My stepmother was a bully. One wrong step on my part could launch a day’s worth of abuse. The details need not be described here. It's sufficient to say that when she was at her worst her only goal was to make sure I felt as small and meaningless as she must have felt, somewhere deep down, about herself. So, at five years old, I did what I had learned to do to keep myself safe: I would head for my sanctuary in our heavily wooded North Shore hamlet. I headed for the trees.

I guess you could say I grew up in those trees. The view from fifty feet up or more provided a safe, solitary perspective that gave me some sense of control over my life. After all, no one was crazy enough to follow me up into the highest, willowy branches where the wind whisked me to and fro. Even my closest friends eschewed the risk of following me more than two-thirds of the way up to my perch. It hadn't occurred to me that I might be trying to kill myself, until my stepmother belted that suggestion upward at me one time. Even then, it didn't ring true. Of course, it may have helped that her distance and the intervening branches seemed to strip the urgency from her raging voice. It was as if she were howling at the moon, while I sat tucked in some lunar mare safe from the threatening edge of her voice.

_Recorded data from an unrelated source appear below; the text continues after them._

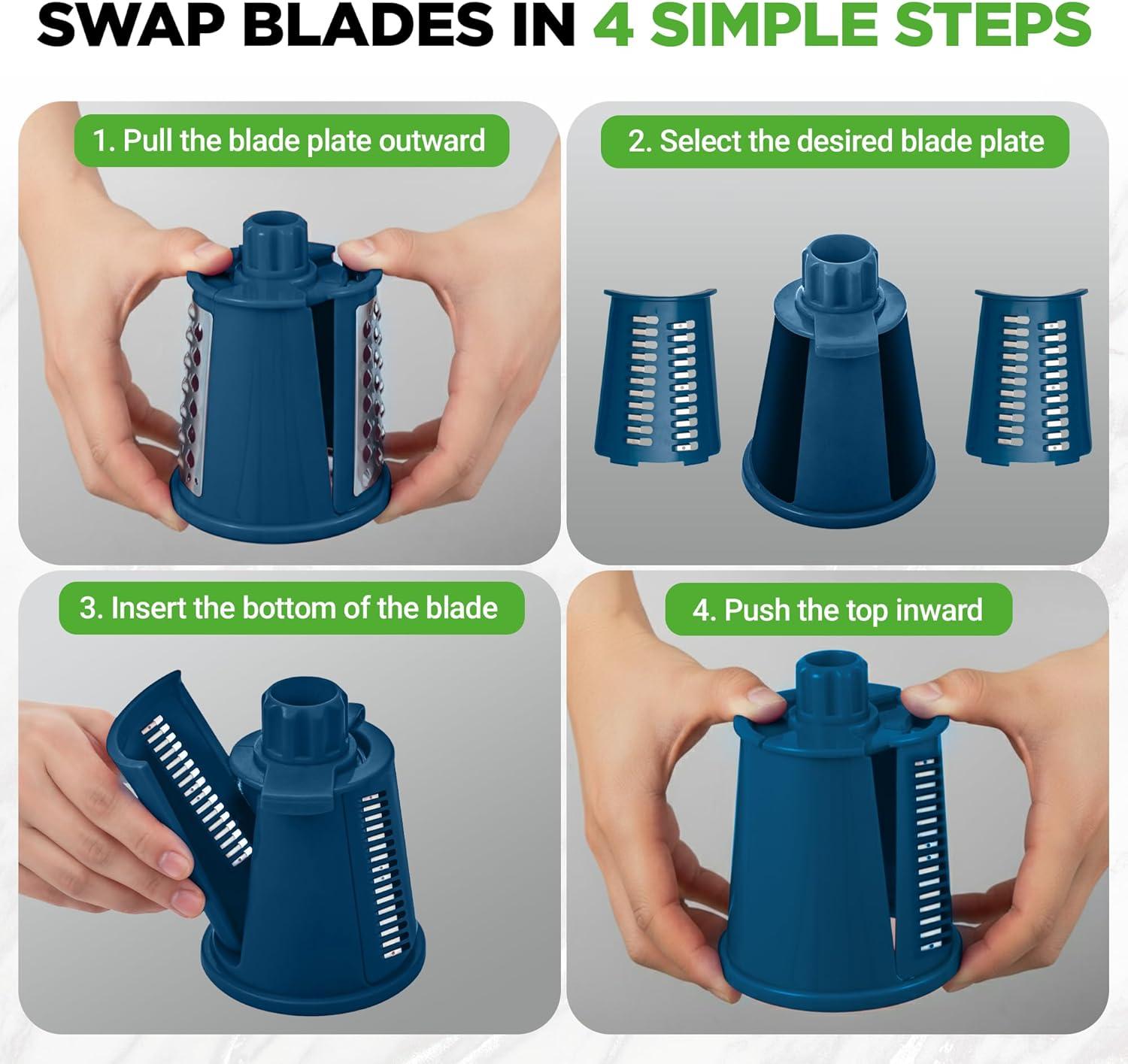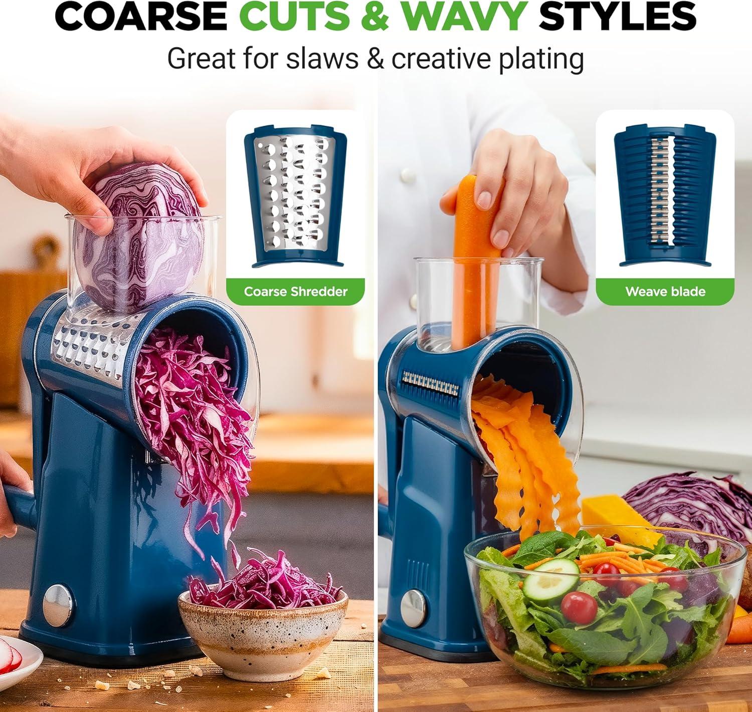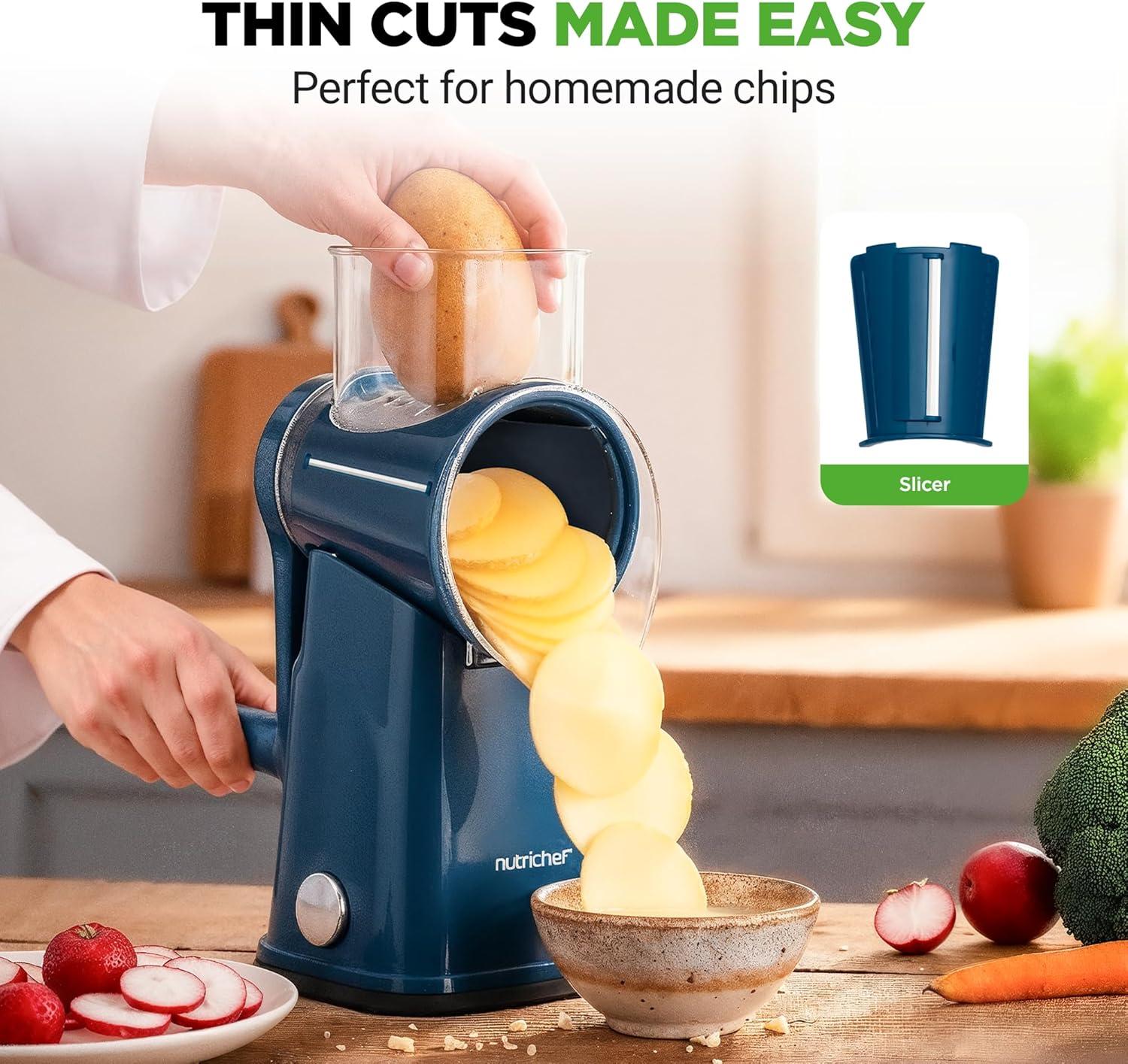 The NutriChef Rotary Cheese Grater with Handle is a versatile and efficient kitchen tool designed to make grating cheese, vegetables, and other ingredients quick and easy. Equipped with five interchangeable drum blades, this grater offers a range of options to meet your culinary needs. Whether you’re shredding cheese, cutting vegetables, or preparing salads, this rotary grater ensures fast and consistent results every time. The ergonomic handle makes it comfortable to use, while the sturdy suction base secures the device firmly to your countertop, preventing any slipping or accidents during use. The design is both user-friendly and safe, with an easy assembly and blade change process. The button knob securely locks the blades in place for added safety. The compact size of this grater saves valuable counter space, and it comes with a storage container to save the grated eatables in it. Made from durable materials, including stainless steel blades and BPA-free plastics, the NutriChef Rotary Cheese Grater is built to last. Its versatility, efficiency, and ease of use make it a must-have kitchen tool for both novice and experienced cooks.
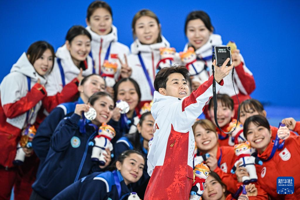 2月9日,中国队选手王欣然(前左一)在颁奖仪式上用手机和全体获奖运动员自拍。
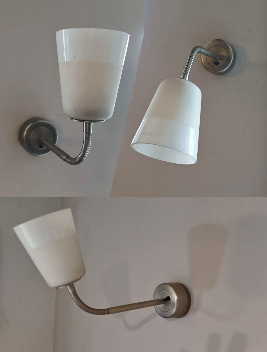 Vends une paire d"appliques en verre et metal. Marque IKEA, années 90. Bon état. Flexible et interrupteur. Prévoir changer ampoules.
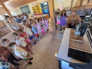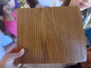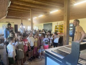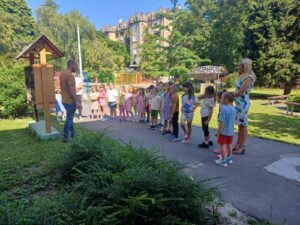 Децу је дочекао профессор стручних предмета из области шумарства и обраде дрвета Иван Перишкић који је заједно са ученицима направио “Хотел за инсекте” и деци причао о његовом значају. Провео нас је кроз радионицу и објаснио деци како су направили “Хотел за инсекте”. Такође, на поклон смо добили плочу са називом нашег објекта “Звончићи”, те нам је приказао рад ЦНЦ машине.
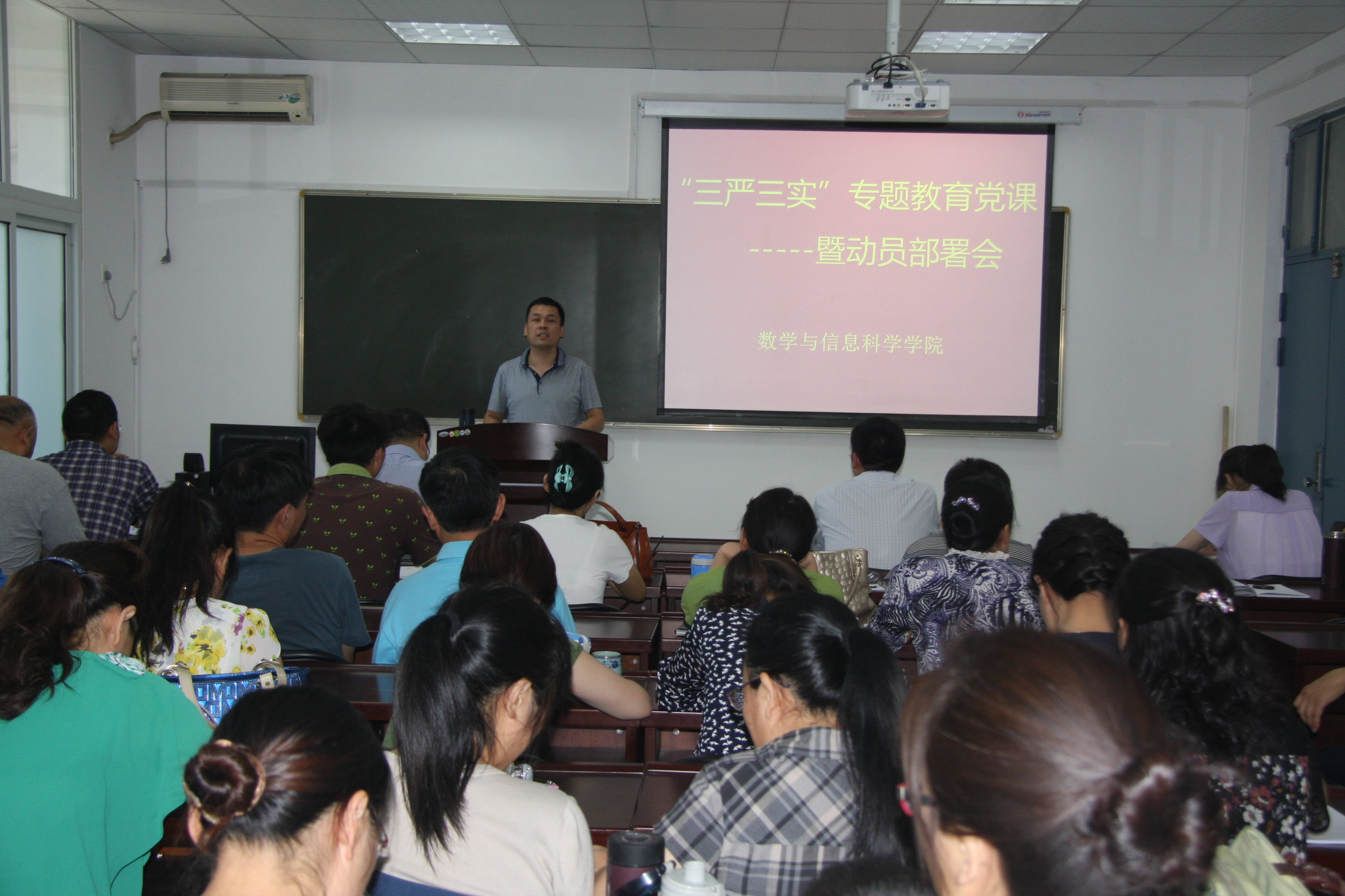 6月11日下午,数学与信息科学学院在东一楼216会议室召开“三严三实”专题教育动员会暨专题党课。学习“三严三实”专题教育有关精神,安排部署我院“三严三实”专题教育。院领导班子成员、全体教师及部分学生党员代表了动员部署会。
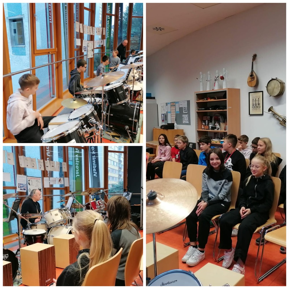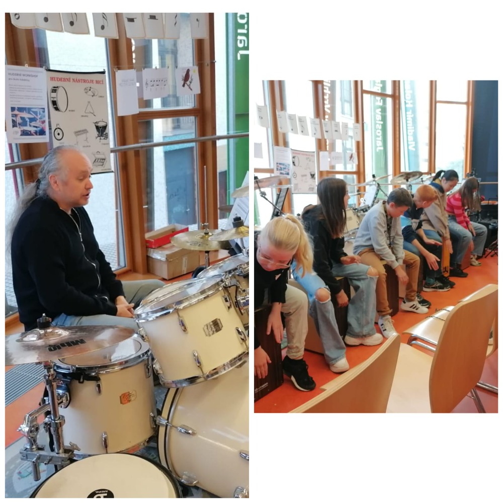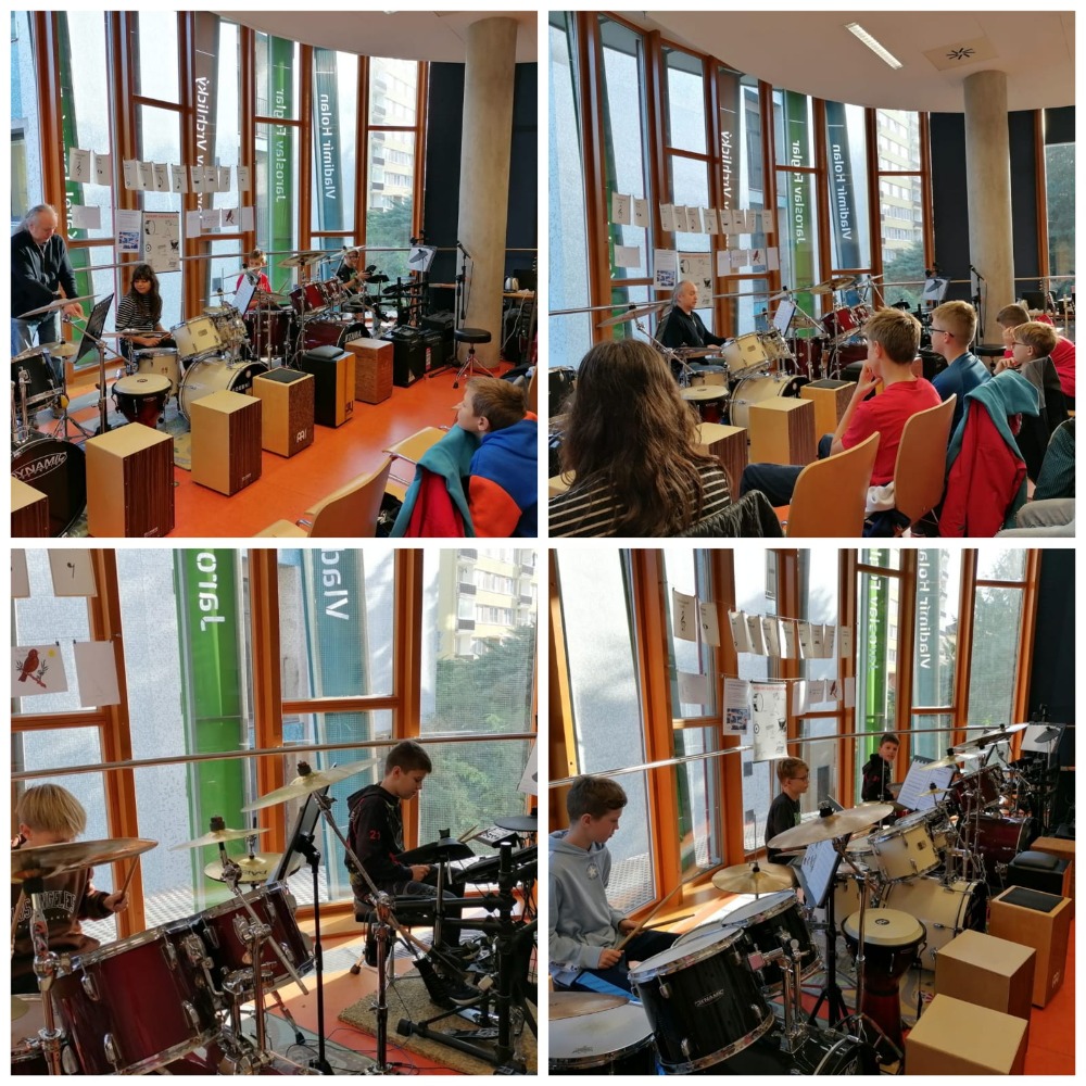V průběhu měsíce října se žáci 6. a 7. tříd zúčastnili hudebního workshopu bicích nástrojů, který se konal v Městské knihovně v Děčíně pod vedením lektora Karla Suchánka.

I was proud of my pastime, and jealous of those who might encroach upon my territory. My tree-conquering ways propelled me to new heights, where common sense and self-preservation would turn back any pretenders — they would look up, shake their heads, then pick their way back down to safer altitudes, allowing as how they didn't see what the big deal was about risking your neck anyway. I never excelled at their games — I couldn't throw a ball straight, or catch one. This arboreal world was mine alone.

Until I met Donald.

He was a round-headed blond wisp of a kid when we met in first grade. (I would describe myself to you but I never had a real sense of what I looked like. Uncombed, maybe; forlorn.) Donald came from a family of nine. His family filled an old farmhouse to bursting. Each kid's name started with the letter "D". There was Dana, David, Donald, etc. His mother had the exasperated look of an overworked farmer's wife who’s been out in the sun too long, and while I didn't know what his father did for a living, I knew he was feared. I recognized the tension that filled the house when he entered as the same dread that accompanied my stepmother at my house.

I guess that's why Donald and I became such fast friends: we were both being mistreated, and, I suppose, we sought out the non-threatening company of the threatened. Retreating, leprous, we never talked about our treatment at the hands of our abusers, or even who they were. That was all taken for granted.